Content starts
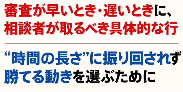 ここを理解せずに、「早かった/遅かった」という表面だけを見て一喜一憂してしまうと、 本来通せたはずの審査を自分で難しくしてしまうこともあります。
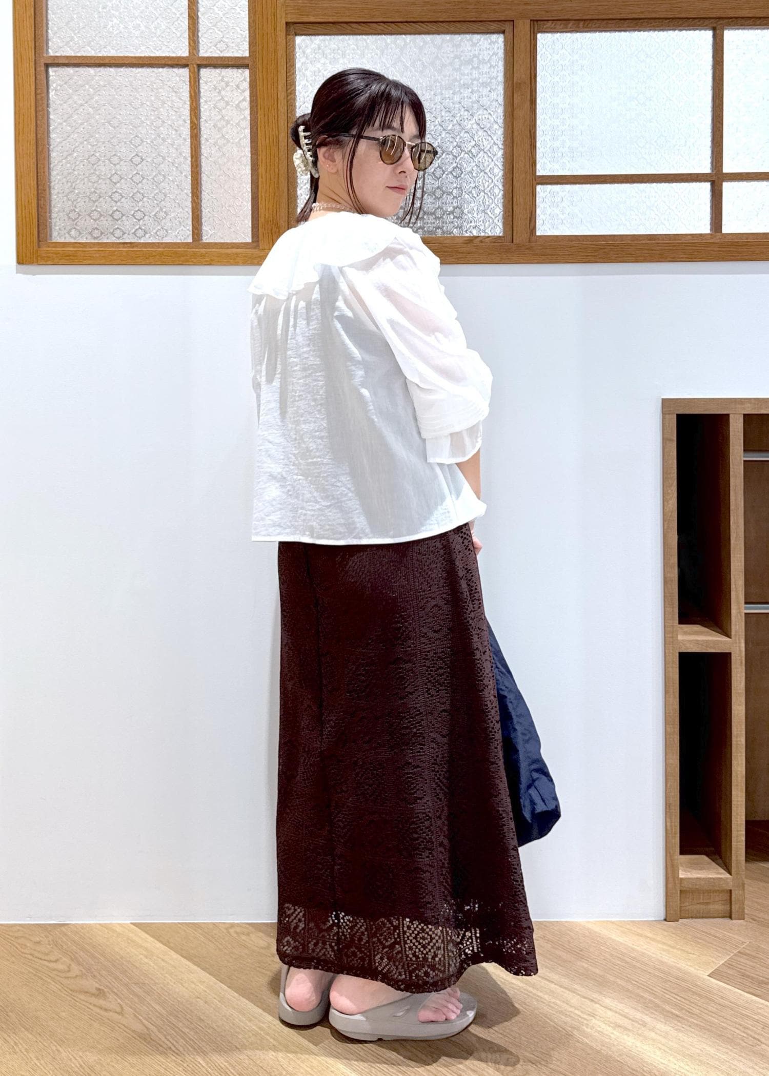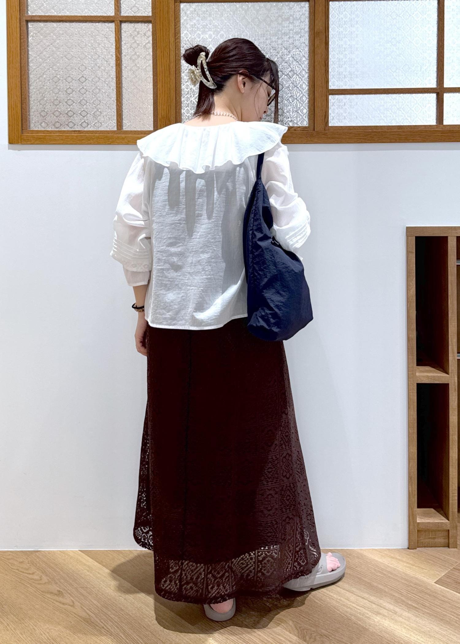 前を開けることで首周りに抜け感が作れ、フリルの甘さも丁度良いバランスで着用できました♪
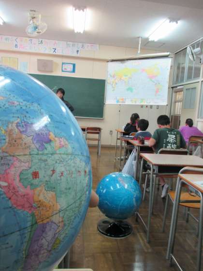 夕陽丘中学校の校区にある小学校3校(桃陽小・五条小・生魂小)が、夕中で授業を受けました。
Content ends
**What to work on**
Leave out every picture, and copy exactly the lines from the line that contains "前を開けることで首周りに抜け" through the end of the material.

**Written solution**
 前を開けることで首周りに抜け感が作れ、フリルの甘さも丁度良いバランスで着用できました♪
 夕陽丘中学校の校区にある小学校3校(桃陽小・五条小・生魂小)が、夕中で授業を受けました。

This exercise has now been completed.